Hi! I’m Courtney Bolinson, evaluation consultant and founder of Head and Heart Evaluation. During the AEA conference in New Orleans this past November, I helped evaluators gain an understanding of the corporate context and where it overlaps with evaluation via a teaching case. The teaching case described a fictional consultancy where evaluator Eva Lee is asked to assist a well-known apparel company with their efforts to meaningfully bring gender equity to their supply chain.
You can access the teaching case here, and are free to use it for educational purposes.
During the conference session, we broke into three groups to review the teaching case, and then came together to discuss overarching themes of evaluation in a corporate context. There were several themes that came out of the discussions that can help evaluators work in the corporate context more effectively.
THEME 1: There are cultural differences between evaluators and corporations that should be acknowledged and navigated.
- Corporate actors tend to come from business and economics backgrounds, whereas evaluators tend to come from social science backgrounds. This leads to different perspectives and even different languages that need to be learned and bridged, as well as different values and expectations.
- Corporations are used to working with professional services firms like McKinsey and Deloitte who often deliver exactly what clients ask, without much questioning or pushback. Evaluators, on the other hand, are more used to applying evaluative thinking, asking evaluative questions, and clarifying purpose/use before diving into deliverables.
- Corporations have a historic audit culture.
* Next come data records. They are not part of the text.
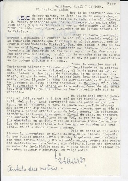 [Carta] 1955 abr. 7, Santiago, [Chile] [a] [Gabriela Mistral] [manuscrito] Isauro [Santelices].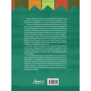 O livro propõe-se a analisar a Festa de Santo Antônio como processo comunicacional na formação do imaginário e da identidade quilombola em Cananéia, litoral sul de São Paulo. A obra apresenta como referencial teórico os estudos culturais, o pensamento latino-americano e os estudos do imaginário para entender o contexto sociocultural do quilombo em questão, considerando as conexões entre conceitos, tais como: comunicação, comunidade, cidadania, cultura popular, globalização, identidade, imaginário, hibridismo cultural, religiosidade popular, tendo como expoentes: Raymond Willians, Stuart Hall, Nestor Garcia Canclini, Jesús Martín-Barbero, Luiz Beltrão, José Marques de Melo, Ana Taís Portanova Barros, Magali do Nascimento Cunha, Gilbert Durand, Mircea Elíade, Riolando Azzi, Eduardo Hooarnet etc. A autora, além da utilização da pesquisa bibliográfica e documental, utilizou também da pesquisa etnográfica, tendo como principais técnicas: a observação participante e a realização de entrevistas com membros da comunidade quilombola do Mandira. O seu conteúdo resulta em uma reflexão de que os quilombolas, enquanto populações marginalizadas, desenvolvem sua identidade, seu imaginário e seus meios de comunicação por meio das expressões folkcomunicacionais de suas práticas religiosas, como a Festa de Santo Antônio, permitindo a construção coletiva, a manifestação de seus sentimentos e o encontro de proteção diante das injustiças sociais que constantemente sofrem.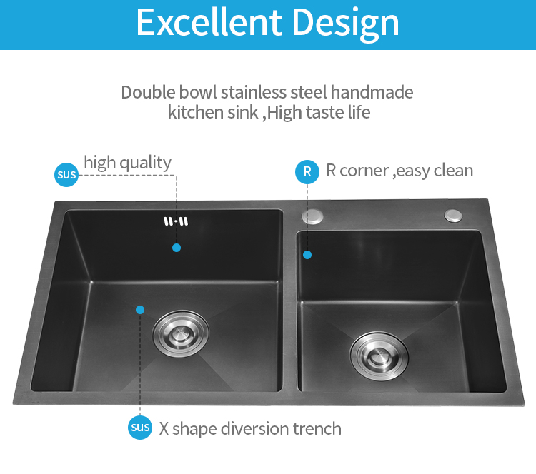 Fregadero hecho a mano de gran oferta con buena calidad, tamaño 780 * 430 mm, diseño de doble ranura, hecho de acero inoxidable de alta calidad, la profundidad y el grosor se pueden personalizar según su pedido, nano negro y rosa dorado, también con acabado mate para su elección, es un multifuncional fregadero, se puede usar en laboratorio, hotel, apartamento, hospital, granja, etc. Su logotipo se puede grabar o grabar con láser y el paquete se puede diseñar con su autorización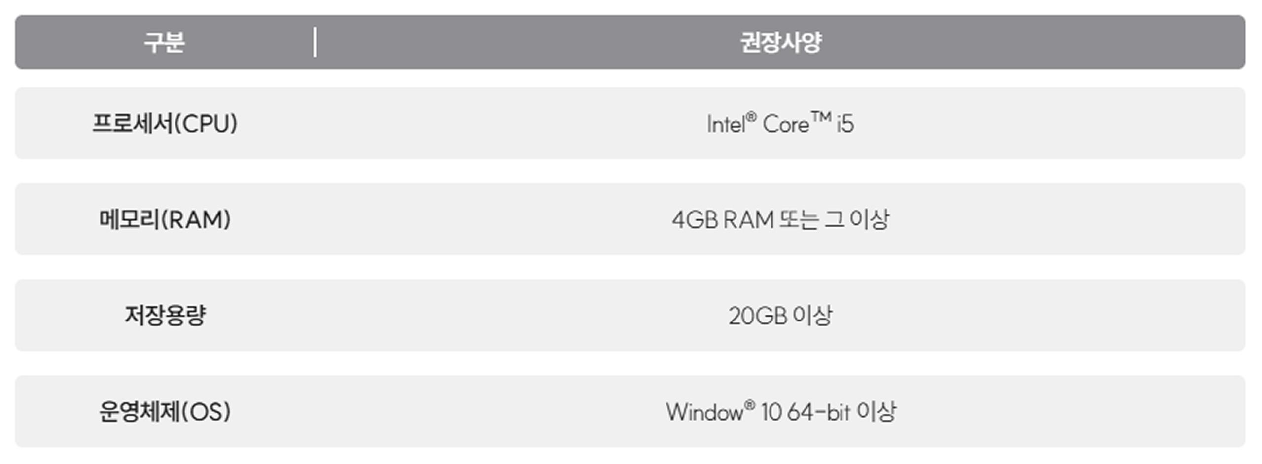 시작하기프로그램(최소사양 및 권장사양)이 페이지에서02. 프로그램(최소사양 및 권장사양) [PC 버전] 프로그램 실행 시 PC버전 권장사양을 확인합니다. 권장사양과 비슷한 성능의 기기를 이용해 프로그램을 원활하게 사용하실 수 있습니다.

Corporate evaluation participants may not understand the difference between audits (often used as “sticks” and for negative decision-making) and evaluations (intended for learning and improvement), making it difficult to get good engagement and quality data.
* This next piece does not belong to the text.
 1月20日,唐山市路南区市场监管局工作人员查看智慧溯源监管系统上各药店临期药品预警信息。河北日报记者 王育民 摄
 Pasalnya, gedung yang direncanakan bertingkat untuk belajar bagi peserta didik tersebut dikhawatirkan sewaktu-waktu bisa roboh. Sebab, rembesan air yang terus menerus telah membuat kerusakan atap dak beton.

- Corporations operate in a different context than traditional evaluation spaces (e.g., government or non-profit) are used to operating. Corporations are more sensitive to financial incentives and the general economic climate. Recessions hit differently and, as a result, evaluations can be deprioritized more easily.
THEME 2: For evaluative work to be fruitful, capacity building is needed on both sides.
- Evaluators need to have empathy for the corporate context and seek to understand corporate pain points and limitations in order to work as effective partners.
- Evaluators need to take the time to understand the ecological context of the companies they work with, including their supply chains. They are all different!
- Evaluators should build the capacity of their corporate partners as well, to educate them on what evaluation is, what it takes to do good evaluation work (especially culturally responsive evaluation in a gender equity context), and how evaluation results can and should be used differently than other types of data. For example, the Program Evaluation Standards are a useful tool to advocate for evaluation integrity.
THEME 3: Evaluators need to be creative and flexible when working with corporations, while ultimately maintaining evaluative integrity.
- Evaluators may need to play the long game – starting with a version of an evaluation that isn’t perfect and using the results and experience of the first version to move toward something more robust, participatory, and culturally responsive.
More and more, evaluators are being invited to the corporate table. Let’s use this opportunity to learn, educate, and collaborate to help corporate partners achieve tangible, meaningful, relevant impact on their supply chains and beyond.